Task statement
When you copy from the entries that follow, take only the lines from the one with "Elektrisk båndsliper. Maskinen" down to the one with "小戶型公寓里,設(shè)計", keeping both ends and dropping every picture.
------
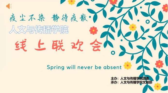 疫情防控是做好一切工作的重中之重,下一步,人文与传播学院将根据属地防疫要求,继续从严从细落实学校疫情防控方案,有序恢复线下教学等各项工作。春风贺喜无言语,排比花枝满校园,全体师生将同向发力,同心抗疫,共克时艰,静待疫散。我们也将努力探索以直播或腾讯会议的形式组织大家团结在一起,以丰富多彩的文艺形式支持抗疫、丰富大家的业余生活。
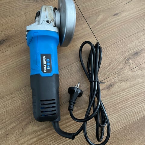 Elektrisk båndsliper. Maskinen har håndtak på toppen for tohåndsgrep og justeringsskrue på siden. Egnet til sliping og pussing av treverk og andre materialer med slipebånd. Strømtilkobling via kabel. Det følger med montert slipebånd på maskinen.
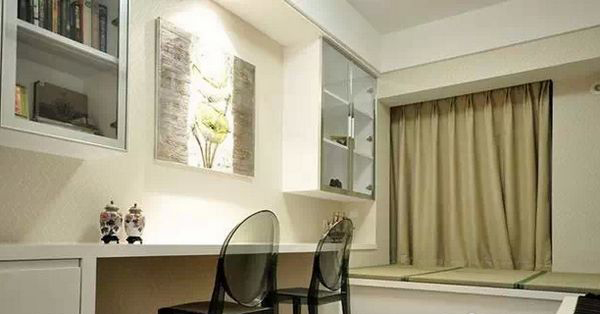 小戶型公寓里,設(shè)計榻榻米,是一物多用的。貼著墻壁設(shè)計書柜、書桌臺面,榻榻米上配置合適的坐墊,這樣以最節(jié)省的空間完成了書桌布局,同時榻榻米上還是休閑區(qū)、會客區(qū),然后還是臥室,這樣的功能足夠強(qiáng)大的了
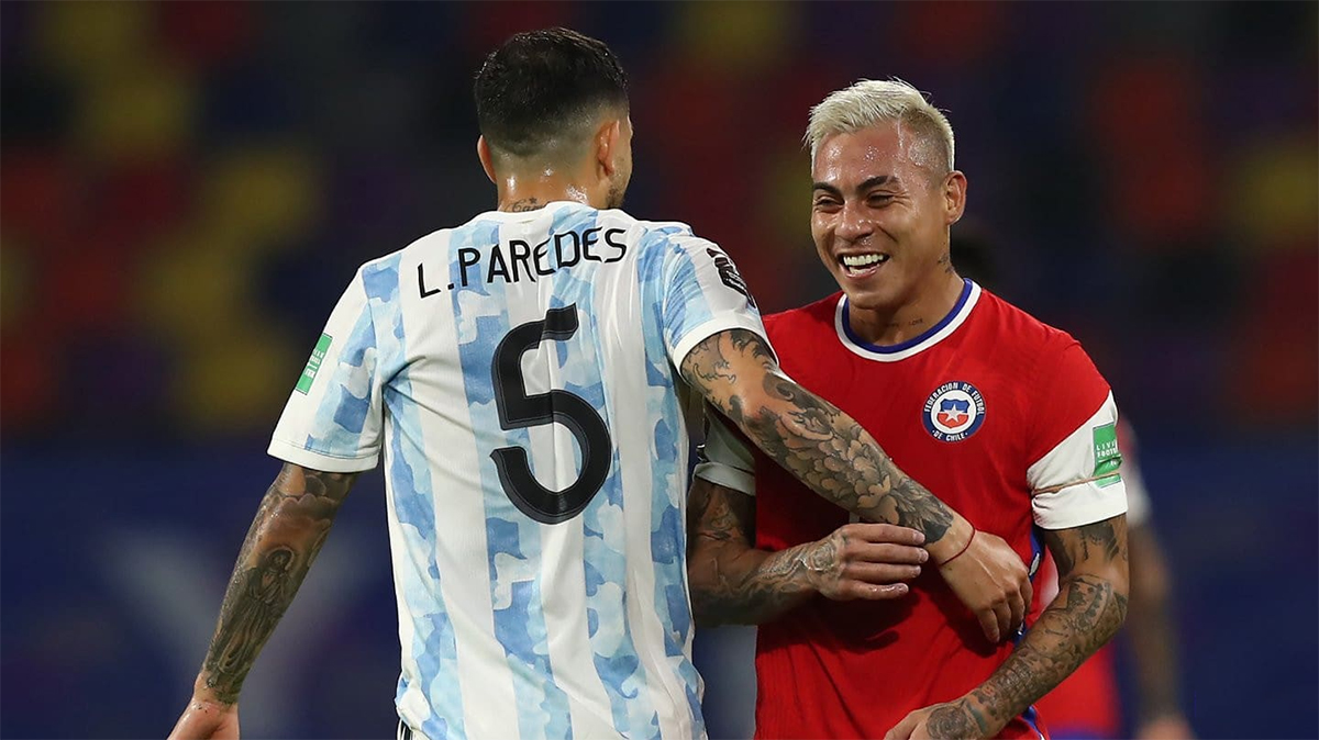 Des points, l’Argentine en a également laissé sur le bord de son chemin. À Santiago del Estero, l’Albiceleste accueillait le voisin chilien dirigé par Martín Lasarte qui débutait de manière officielle à la tête d’une sélection dont il n’avait dirigé qu’une équipe bis lors d’un amical face à la Bolivie. Privée d’Armani et Montiel, toujours positifs à la COVID-19, et d’Agüero, pas positif mais encore un jour supplémentaire à l’isolement – sans doute pour respecter les protocoles sud-américains efficaces à 99% (sic) – la sélection argentine a donc buté sur un Chili, lui aussi privé de quelques cadres, en particulier son Rey qui, toujours dans cette idée de respecter les protocoles sanitaires à profité d’un retour au pays pour visiter l’hôpital. Un match qui pourrait être résumé par un duel magnifique entre Leo Messi et Claudio Bravo, duel remporté par le portier chilien qui a tout sorti à l’exception d’un penalty en première période. Mais un match qui a livré d’autres enseignements. D’une part que cette Argentine annoncée joueuse sur le papier a eu du mal à imposer son jeu en première période d’un match à très haute intensité et riche en impact. L’ouverture du score consécutive à un penalty évident pour une faute de Maripán sur un Lautaro Martínez qui probablement définitivement enfilé le costume de n°9, mais qui a requis l’intervention du VAR a un temps changé la donne, l’Argentine passant du 4-3-3 au 4-4-2 afin d’exploiter les contres par la mobilité de son milieu et la capacité du duo Paredes – De Paul à construire les offensives, mais manquant de profondeur et laissant trop d’espaces dans l’entrejeu qui ont été parfaitement exploités notamment par l’autre duo du milieu, Aranguíz – Pulgar. L’égalisation rapide d’Alexis Sánchez – son premier but en éliminatoires face à l’Argentine – avait permis au Chili de Lasarte de gagner en confiance, à la pause, le nul semblait finalement assez logique. Lionel Scaloni sentait quelques faiblesses dans son onze, à la pause, Lisandro Martínez et Ángel Correa entraient en piste, ce dernier se montrant bien plus dangereux qu’un Ocampos étonnamment discret. Mais le début de second acte voyait surtout la Roja exploiter les espaces au milieu, jouant parfaitement entre les lignes, profitant des montées dans les couloirs, en particulier de Mené, hyper actif à gauche, et si Edu Vargas s’était montré plus inspiré, les visiteurs auraient pu générer bien des dangers. Il n’en fut rien et au fil des minutes, le duel à distance entre Messi et Bravo a pris de l’ampleur. Le portier chilien a fini par se muer en sauver d’une Roja qui a fini la partie en subissant face à une Argentine nouvelle génération après notamment les entrées de Julián Álvarez, Nahuel Molina (quatrième débutant présent sur le terrain) et Exequiel Palacios. Mais au final, rien ne fut marqué, l’Argentine laisse filer deux points, sans doute avec une étrange sensation : celle que l’on commence à basculer dans une nouvelle génération qui devrait l’emmener vers 2026, mais aussi celle qui veut qu’elle dépende toujours autant de son Messi. Côté Chili, les débuts de Lasarte sont réussis : sa Roja a montré de la personnalité et quelques mouvements intéressants mais surtout, elle ramène un point de l’autre côté des Andes pour la première fois depuis dix-huit ans.
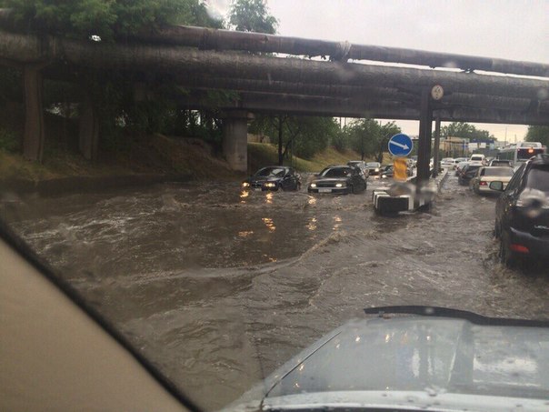 "По Аль-Фараби в обоих направлениях под мостом на Фурманова проезд невозможен, воды по пояс. Легковые машины заглохли и практически перекрыли движение. Корректируйте маршрут", - написал один из пользователей в соцсетях.
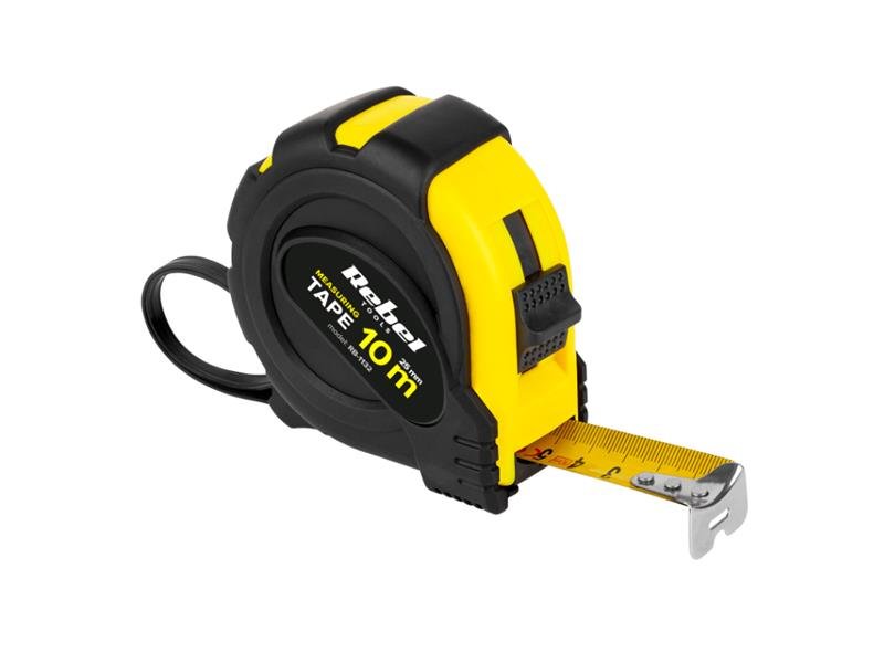 Miara zwijana Rebel to przyrząd pomiarowy, który powinien być częścią zestawu narzędzi każdego majsterkowicza. Należy mierzyć różne rodzaje materiałów i powierzchni przy większych remontach, jak i drobnych naprawach czy pracach domowych. Miara zwijana Rebel o zasięgu 10 m wykonana jest ze stali, która w połączeniu z solidną plastikową obudową zapewnia długą żywotność oraz odporność na uderzenia i inne uszkodzenia. Hak pomiarowy i przycisk blokady w połączeniu z dużą szerokością taśmy (25 mm) ułatwiają precyzyjne mierzenie dużych odległości bez podpory, dzięki czemu pomiar można wykonać samodzielnie w niemal każdej sytuacji.
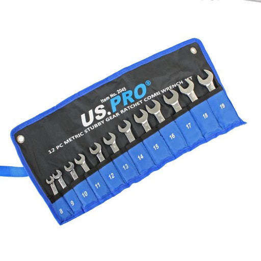 US PROSet of 12 stubby gear ratchet combination wrenches. Sizes: 8, 9, 10, 11, 12, 13, 14, 15, 16, 17, 18 and 19mm • Smooth 72 teeth ratchet action • Ha...
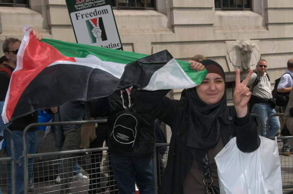 ![]() Young Muslim woman with Palestinian flag and a familiar 'Victory' sign |
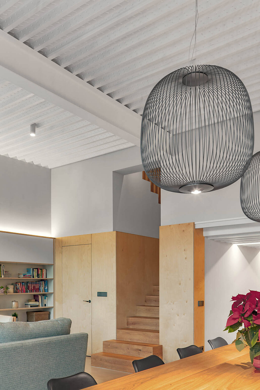 There is no cladding or ornamentation, that is, the space is untreated: concrete, metal structure, and birch wood. A limited palette of colors and materials with the aim of providing support that allows the user to adapt and adapt it according to their requirements.
------
Answer to this task
 Elektrisk båndsliper. Maskinen har håndtak på toppen for tohåndsgrep og justeringsskrue på siden. Egnet til sliping og pussing av treverk og andre materialer med slipebånd. Strømtilkobling via kabel. Det følger med montert slipebånd på maskinen.
 小戶型公寓里,設(shè)計榻榻米,是一物多用的。貼著墻壁設(shè)計書柜、書桌臺面,榻榻米上配置合適的坐墊,這樣以最節(jié)省的空間完成了書桌布局,同時榻榻米上還是休閑區(qū)、會客區(qū),然后還是臥室,這樣的功能足夠強(qiáng)大的了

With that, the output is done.